Voici une tribune publiée par Hervé Morin, ministre de la Défense et président du Nouveau Centre.
Depuis 2007, le centre est à reconstruire. La principale cause de nos difficultés a été la confusion dans laquelle nous avons été placés, pour des raisons tactiques, au point que nul ne savait plus très bien quelles valeurs nous défendions. Cet excès de tactique nous a conduits à délaisser le fond, à oublier la cohérence de notre tradition intellectuelle et politique. Le centrisme n’est pas un mouvement indéterminé ou neutre que l’on peut mobiliser au service d’une ambition particulière.
Le centrisme est un projet de société. Il prend sa source dans un système de valeurs qui suppose de fermes options sur la manière de conduire les affaires publiques. Depuis les dernières élections nationales, je me suis attelé à une œuvre de reconstruction, initiant aussitôt la création du Nouveau Centre. En dix mois, ce jeune parti a dépassé les 7 000 adhérents. Nos premiers pas sont encourageants si l’on songe aux 22 000 membres que comptait l’UDF avant 2007. Le relèvement du parti centriste peut être désormais acté. Je voudrais ici ouvrir un second chantier, plus fondamental, qui est celui de la reconstruction doctrinale et politique, car si nous devons réaffirmer nos valeurs et poser avec plus de fermeté nos convictions, nous devons aussi expliquer dans quel type d’action publique elles s’incarnent.

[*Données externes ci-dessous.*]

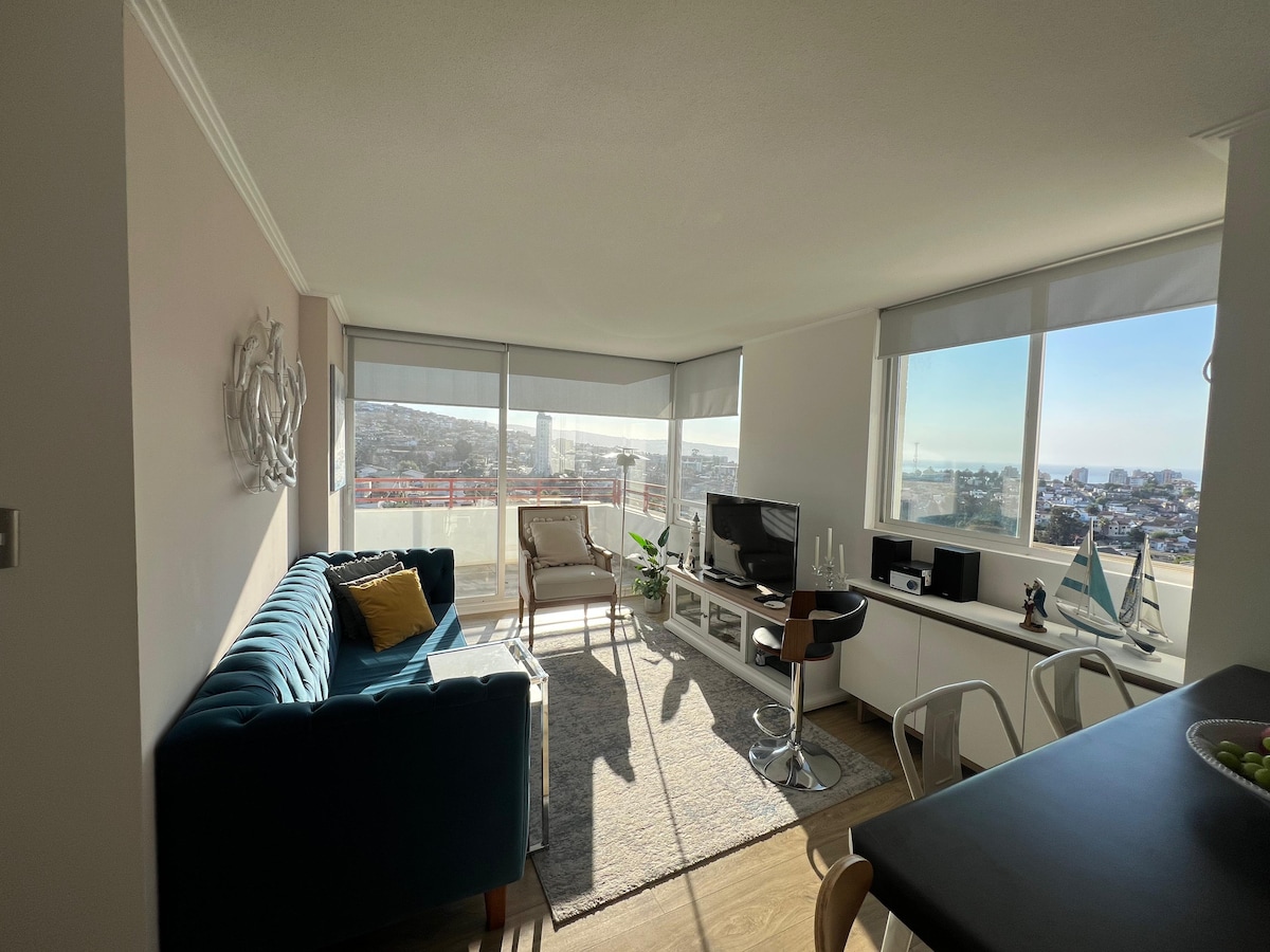 Bersantai di liburan yang unik dan damai ini. Apartemen dengan pemandangan laut yang luar biasa rapi (pemandangan dari Valparaiso ke Concón). Apartemen baru yang indah terletak di lingkungan tinggal 2 Tempat Tidur, 2 kamar mandi, teras dan dapur kecil. Lingkungan tinggal yang tenang dan pemukiman Fiber Optic wifi Equipped Kitchen (Simetris 500 mbps) Parkir bawah tanah Termasuk seprai dan handuk untuk 4 tamu TV 42 "di ruang keluarga dengan Roku Bangunan dengan kolam renang Jika Anda memiliki pengunjung, harap berkoordinasi

La défense et la promotion des libertés forment un tout qui conditionne le projet centriste et en détermine le contenu. Je sais que, par culture, les centristes repoussent toutes les formes de dogmatisme. Ils sont ouverts au dialogue, à l’accord, au compromis. Ils répugnent au pur rapport de forces et lui préfèrent la recherche de l’équilibre. Il est certain que l’on ne saurait bâtir une société juste sans porter une éthique du compromis. Mais ce qui est une force éthique peut aussi parfois constituer une faiblesse politique, car la politique est un combat. En cinquante ans, sous la V e République, les centristes ne sont parvenus qu’une seule fois à populariser leurs conceptions. Nous le devons à Valéry Giscard d’Estaing.

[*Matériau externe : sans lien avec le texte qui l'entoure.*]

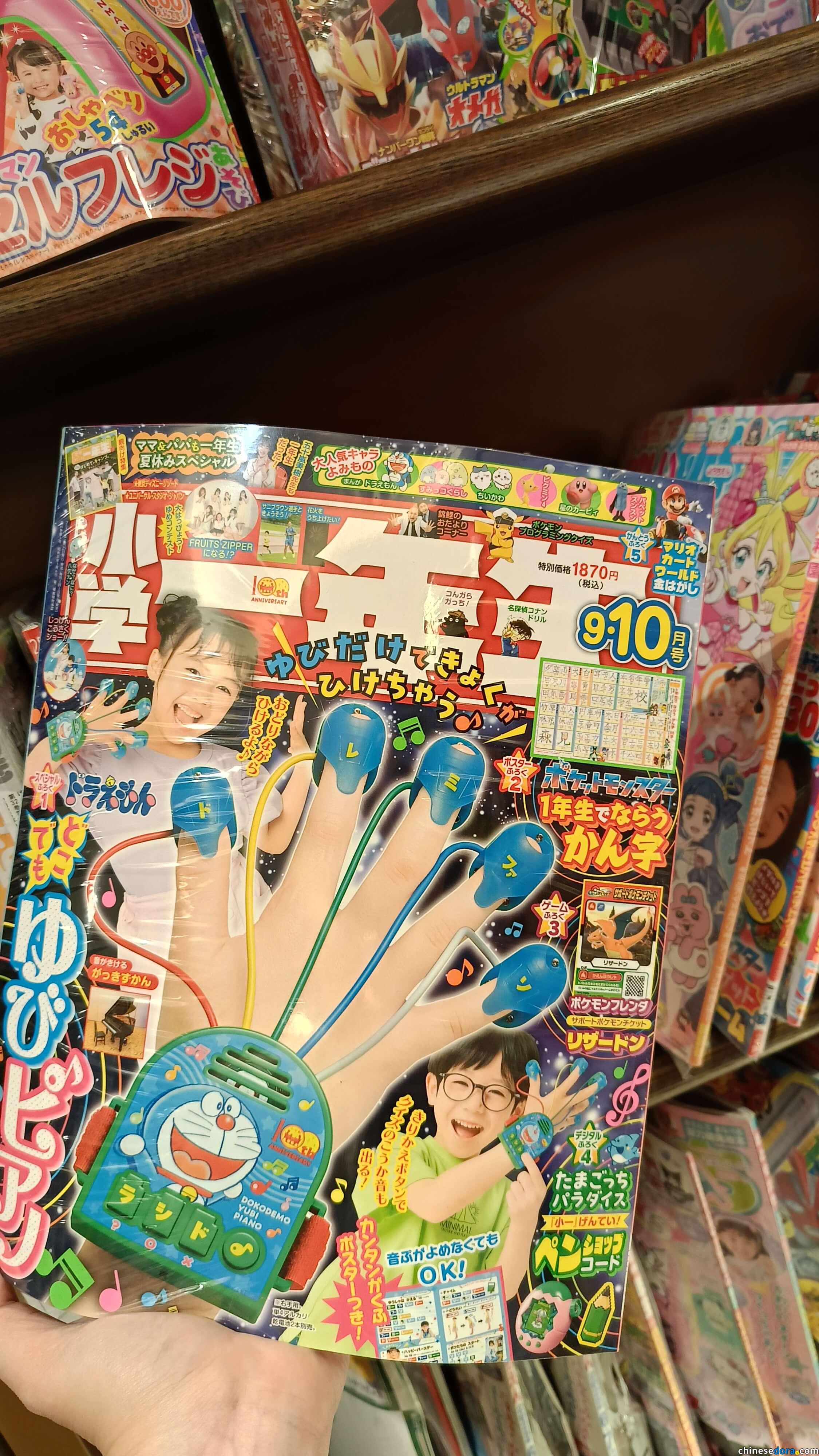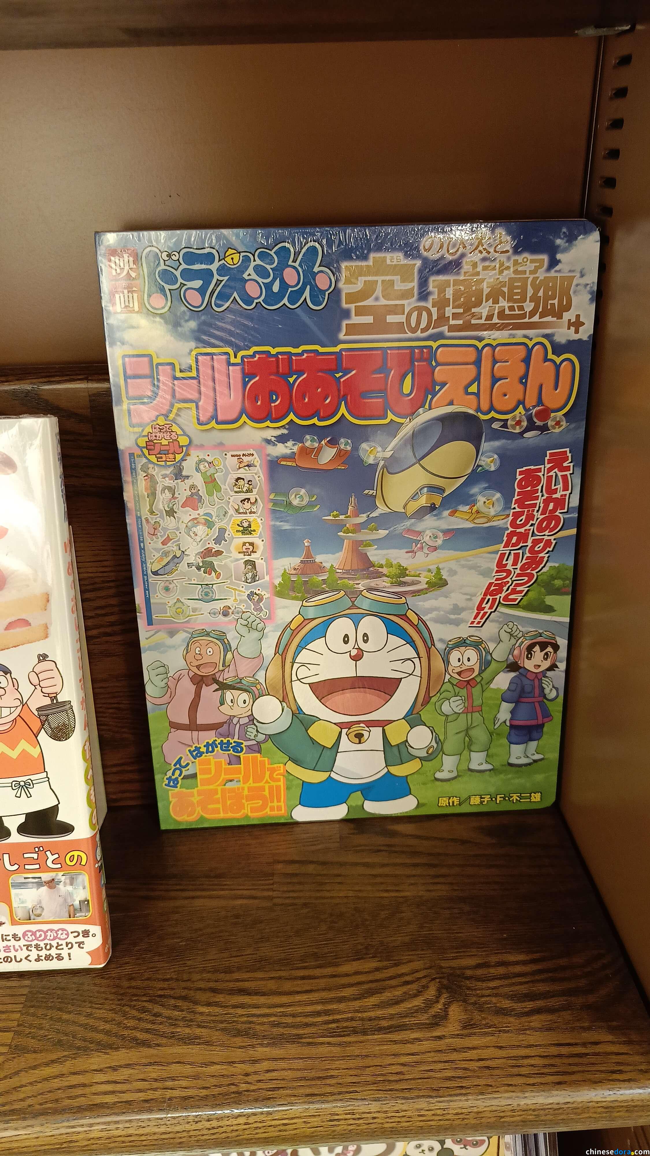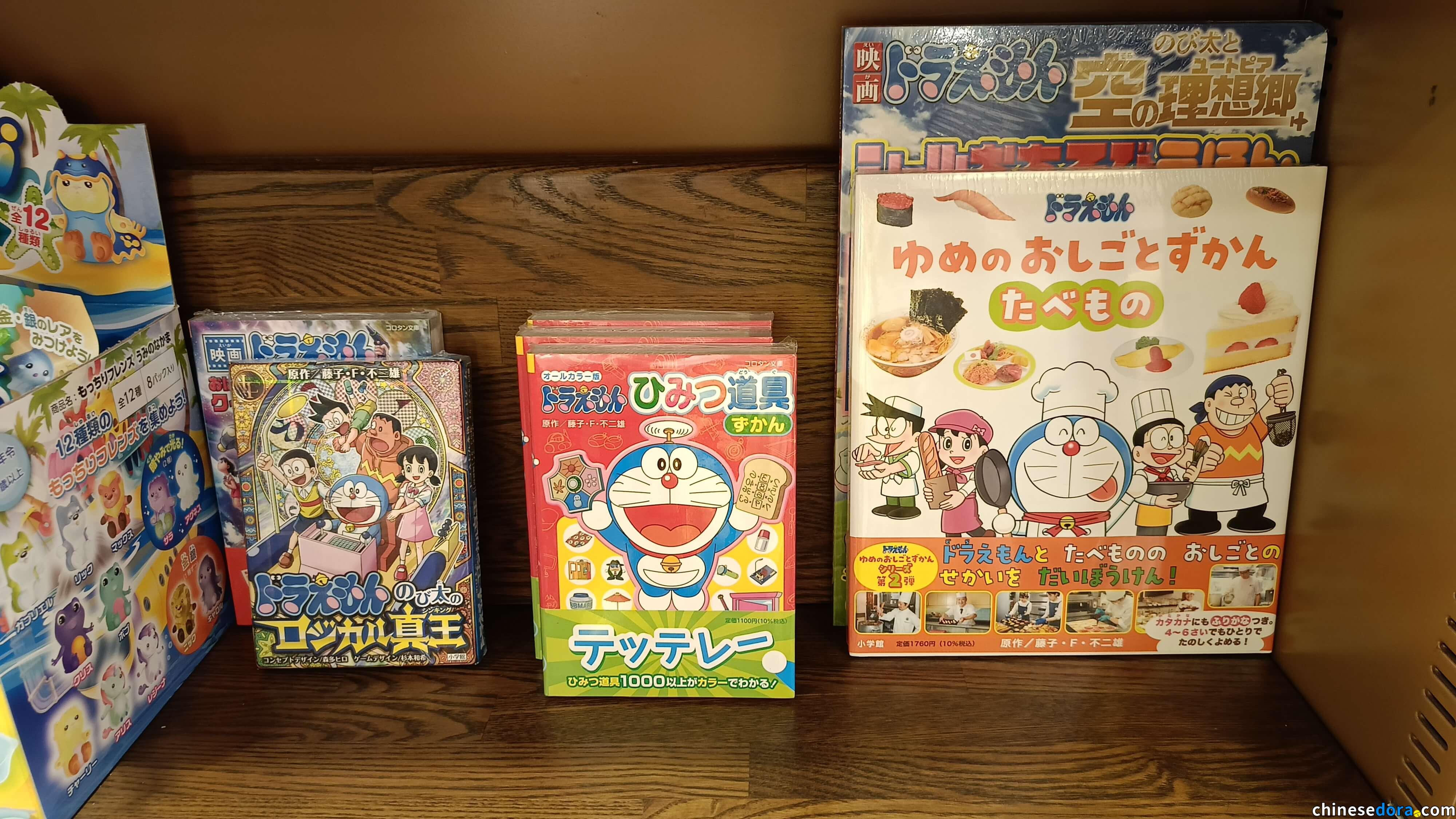 走進淳久堂書店裡面的書架上,在放置漫畫的兒童類別能看到其他哆啦A夢的日文書籍,包含附錄為「哆啦A夢 手指鋼琴遊戲組」《小學一年生》9-10月合併號、還有《大雄與天空烏托邦》貼紙遊戲繪本,架上庫存不算很多,大概只有一兩本左右。

Que veulent les centristes sinon réussir à bâtir une société à la fois libre et juste ? Comment ne serions-nous pas très à l’aise dans ce monde nouveau dont la liberté est le principe, nous dont la philosophie repose sur la défense et la promotion des libertés, individuelles et collectives ? Les centristes veulent aider la France à s’inscrire dans ce temps, à retrouver le rythme de l’histoire, à renouer avec la jeunesse du monde. Oui, étrangement, la France semble à l’écart, alors que notre passion pour la liberté a donné les moments qui comptent parmi les plus glo rieux de notre histoire et les pages les plus brillantes de notre tradition philosophique. La l iberté semble nous inquiéter alors que nous la revendiquons toujours comme notre identité profonde. Plus grave encore, notre pays apparaît de plus en plus comme celui, inquiet, qui troque des sécurités contre des libertés, risques qu’ont si bien décrit Tocqueville et Bertrand de Jouvenel.
C’est pourquoi les centristes doivent avoir le courage de promouvoir franchement la liberté économique et, en particulier, la liberté d’entreprendre, celle qui combine la réussite personnelle avec le progrès matériel de la collectivité dans son ensemble. Il est très préoccupant pour notre pays de constater que plus personne ne semble pouvoir revendiquer cette liberté sans être aussitôt qualifié d’«ultralibéral», formule qui est une sorte d’équivalent du cynisme absolu ! Proclamer son attachement à la liberté économique, c’est bien ; y contribuer, c’est mieux. Cela suppose de soutenir l’esprit d’initiative, d’encourager le risque, c’est-à-dire la création, l’innovation. Sans cela, il n’y aura ni richesses ni redistribution. Soyons concrets : encourager la liberté d’entreprendre, c’est, par exemple, comme nous le faisons aujourd’hui, supprimer l’imposition forfaitaire annuelle (IFA) qui pesait sur les PME.
Notre libéralisme réclame un équilibre entre les libertés économiques et les libertés politiques. Les premières doivent être tempérées par les secondes. Au nom de l’idéal de justice, le centrisme veut aussi promouvoir une solidarité associative en appui et complément de la solidarité administrative. Une société n’est libre et conquérante que si elle est forte ; pour être forte, elle doit être responsable et solidaire.